I want to avoid that corruption
Give me the clean water-blood
I will eat plants
the fresh, chlorophyll taste
that grows in the garden
Purify me with such roughage
In bright, lively colors
sweet and fresh
it tastes so chaste
it is right, this diet of purity
this Eden meal
without hair or bones
without fat or a name
the seeds and pits that remain
will continue to feed me
life after life
while your orgy of carnage
can only breed death.



(c) Tasha Chinnock 2007

Monday, May 28, 2007

Lamenting for the Children

For me, it was a returning to my past
It was waving the dead cat
above my head
Its mortified flecks
Falling in my teacup
spattering on the bed sheets
smudging my children.

For you, it is something new, now
Never put to death or buried
Dangerous and cunning
hot with fervor
slicing with a switchblade
at me, at us and
our defenseless children

These are only two things out of
the hundreds that threaten
monogamy, purity
true fidelity
openness with a spouse
marriages all around us
hang by a thin cord,
thoughtless of the children.

(c) Tasha Chinnock 2007

Failure

Lord, bless this egg house
This poor, debauched room
It has suffered enough

This is your punishment
for faulty carrying of
that fragile package marked
Handle with Care
(Never mind that I slipped it
into your box unawares)

This torrent of sorrow
that crimps you
pushing blurbs of cooing
to the surface

In your defense,
it was not you
but a bad batch of jelly –
no tenacity
that dropped my parcel
(Butterfingers, you maladroit)

Did someone say punishment?
But that debt is pre-paid
This must not be put to your charge
you are acquitted.
Now, hold on tight,
this one will be true.

(c) Tasha Chinnock 2007

Thursday, May 24, 2007

Alex on the last day of school

Sonny, you are right at the edge.
This summer is given to you,

hung around your tan neck
like an Olympian’s medal.

For all the afternoons that you sat,
quiet with your books -

a word worm,
young philosopher -

remembering four years of lessons,
combining them to make

a volume of riddles,
delivered with clever expectancy

and perhaps an excess of sobriety -
a need to be taken seriously, even in jest.

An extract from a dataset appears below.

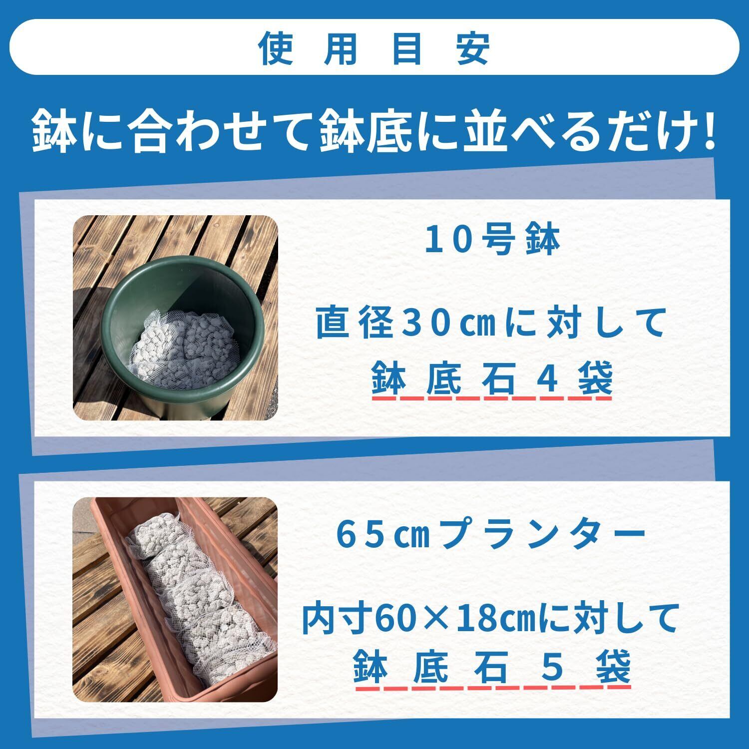 日本産の軽石を選別し、ネット(0.5L)に入れた「新発想の鉢底石」です。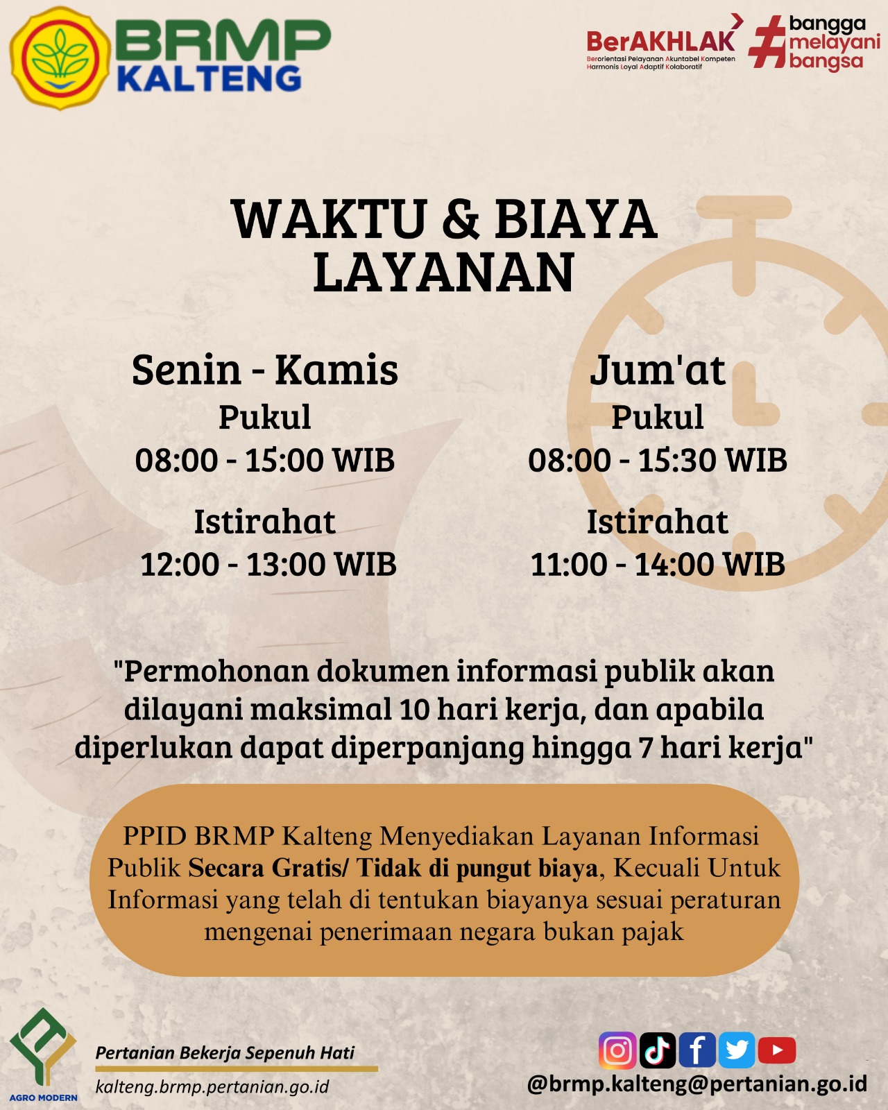 PPID Balai Penerapan Modernisasi Pertanian (BRMP) Kalimantan Tengah menyediakan layanan informasi publik secara gratis (tidak dipungut biaya), kecuali untuk informasi yang telah ditentukan biaya Penerimaan Negara Bukan Pajak (PNBP). Sedangkan untuk penggandaan atau perekaman, pengguna layanan informasi publik dapat melakukan penggandaan sendiri di tempat penyediaan jasa fotocopy yang berada di sekitar gedung Kantor BRMP didampingi oleh petugas layanan informasi atau yang bersangkutan menyiapkan media perekam elektronik. Pelayanan informasi publik akan diproses oleh petugas selama maksimal 10 hari kerja, dan dapat ditambah hingga 7 hari kerja apabila diperlukan.

So, outside is dusty sunshine,
promise of an endless respite

and here in my nap house
your clean, white socks rest

on the cushions of my Swedish couch.
You are bored, but optimistic.

You brandish your neat row of early letters -
A’s and B’s that announce your realized potential:

You can rise above the turmoil
of a fragmented picture frame.

You are worth over a million words,
more than a mere merit;

augmented by the extra letter of reference
tucked sweetly by –

the unofficial with the certified,
both of solid value.

So, this is the content of your pack -
a year’s hard work summed up

in seven bent papers and a book
of head shots whose names will ever be

embedded in the synapses of your mental corridors,
though you may capriciously scratch them off the page.

Not just work – experience. Social forays,
physical testing, the ultimate feat of overcoming.

I am trying to see you as a peer,
to remember who has ever been like you -

Handsome and awkwardly funny,
sugar cane brown and a smile like an epiphany.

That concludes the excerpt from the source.